YOUR INSTRUCTIONS
Although the data below contains pictures, output only the lines between those holding "The facet morphology" and "Peach blossom pond", inclusive, exactly and without those pictures.

::: EXCERPTED DATA :::

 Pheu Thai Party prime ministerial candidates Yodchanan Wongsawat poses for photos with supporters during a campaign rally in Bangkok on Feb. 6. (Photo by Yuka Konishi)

:::
::: EXCERPTED DATA :::

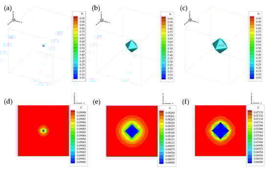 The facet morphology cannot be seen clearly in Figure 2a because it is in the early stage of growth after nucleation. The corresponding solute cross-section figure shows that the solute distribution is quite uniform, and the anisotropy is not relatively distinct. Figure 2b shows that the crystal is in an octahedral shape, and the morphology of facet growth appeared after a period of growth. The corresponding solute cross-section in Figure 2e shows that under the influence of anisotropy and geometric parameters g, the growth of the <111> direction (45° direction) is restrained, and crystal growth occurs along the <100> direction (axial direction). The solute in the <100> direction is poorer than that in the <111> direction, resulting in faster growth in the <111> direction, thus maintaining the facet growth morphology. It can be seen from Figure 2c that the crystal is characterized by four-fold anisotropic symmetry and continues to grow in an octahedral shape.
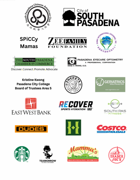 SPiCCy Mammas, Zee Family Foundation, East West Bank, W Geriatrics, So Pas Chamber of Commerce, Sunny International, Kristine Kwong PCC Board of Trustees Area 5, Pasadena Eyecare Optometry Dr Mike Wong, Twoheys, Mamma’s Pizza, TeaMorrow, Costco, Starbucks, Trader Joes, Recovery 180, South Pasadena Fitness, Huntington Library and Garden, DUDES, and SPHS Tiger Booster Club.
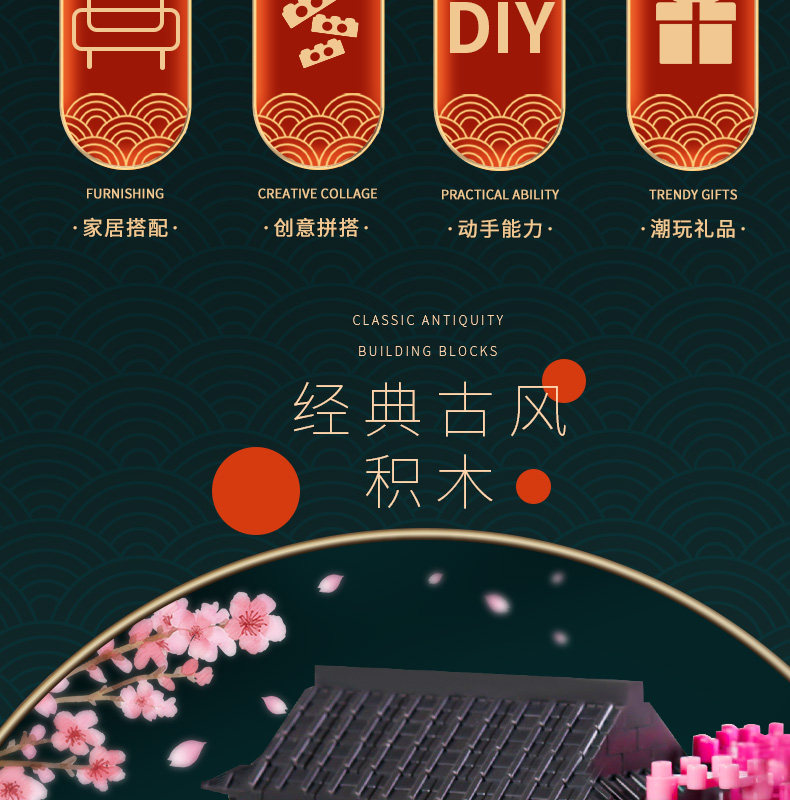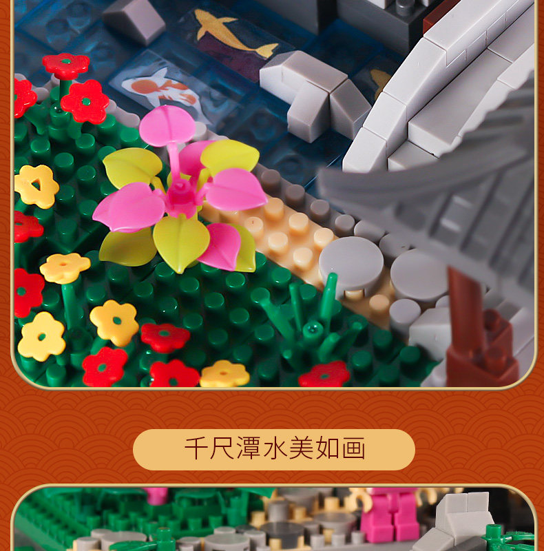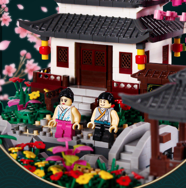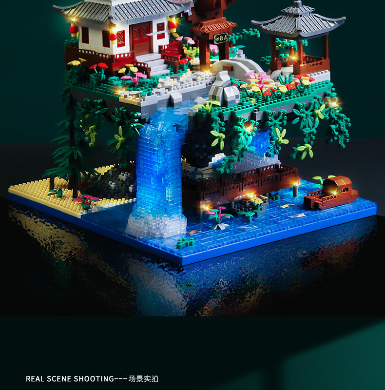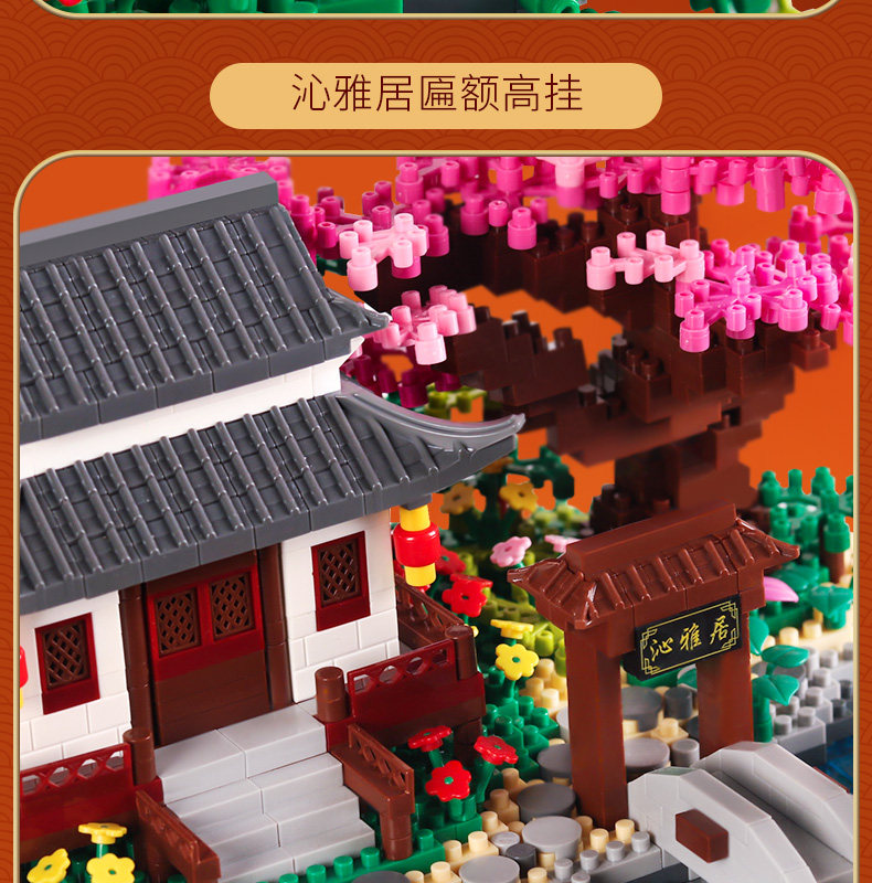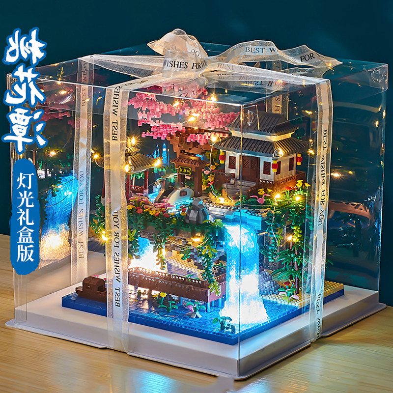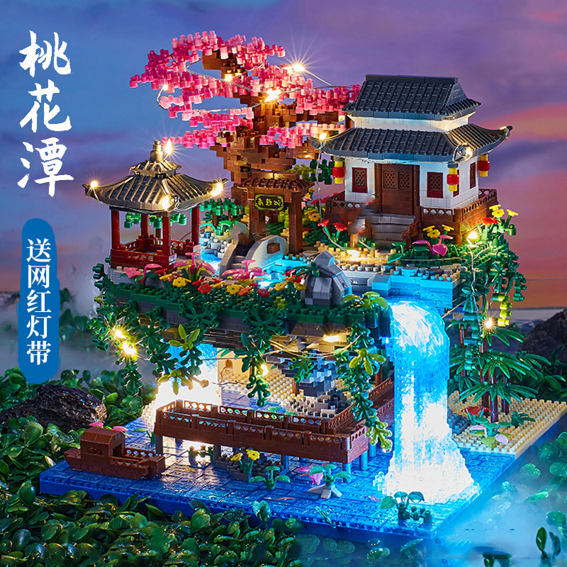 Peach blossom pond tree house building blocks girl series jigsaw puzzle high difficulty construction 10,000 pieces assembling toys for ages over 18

:::

SOLUTION BELOW
 The facet morphology cannot be seen clearly in Figure 2a because it is in the early stage of growth after nucleation. The corresponding solute cross-section figure shows that the solute distribution is quite uniform, and the anisotropy is not relatively distinct. Figure 2b shows that the crystal is in an octahedral shape, and the morphology of facet growth appeared after a period of growth. The corresponding solute cross-section in Figure 2e shows that under the influence of anisotropy and geometric parameters g, the growth of the <111> direction (45° direction) is restrained, and crystal growth occurs along the <100> direction (axial direction). The solute in the <100> direction is poorer than that in the <111> direction, resulting in faster growth in the <111> direction, thus maintaining the facet growth morphology. It can be seen from Figure 2c that the crystal is characterized by four-fold anisotropic symmetry and continues to grow in an octahedral shape.
 SPiCCy Mammas, Zee Family Foundation, East West Bank, W Geriatrics, So Pas Chamber of Commerce, Sunny International, Kristine Kwong PCC Board of Trustees Area 5, Pasadena Eyecare Optometry Dr Mike Wong, Twoheys, Mamma’s Pizza, TeaMorrow, Costco, Starbucks, Trader Joes, Recovery 180, South Pasadena Fitness, Huntington Library and Garden, DUDES, and SPHS Tiger Booster Club.
 Peach blossom pond tree house building blocks girl series jigsaw puzzle high difficulty construction 10,000 pieces assembling toys for ages over 18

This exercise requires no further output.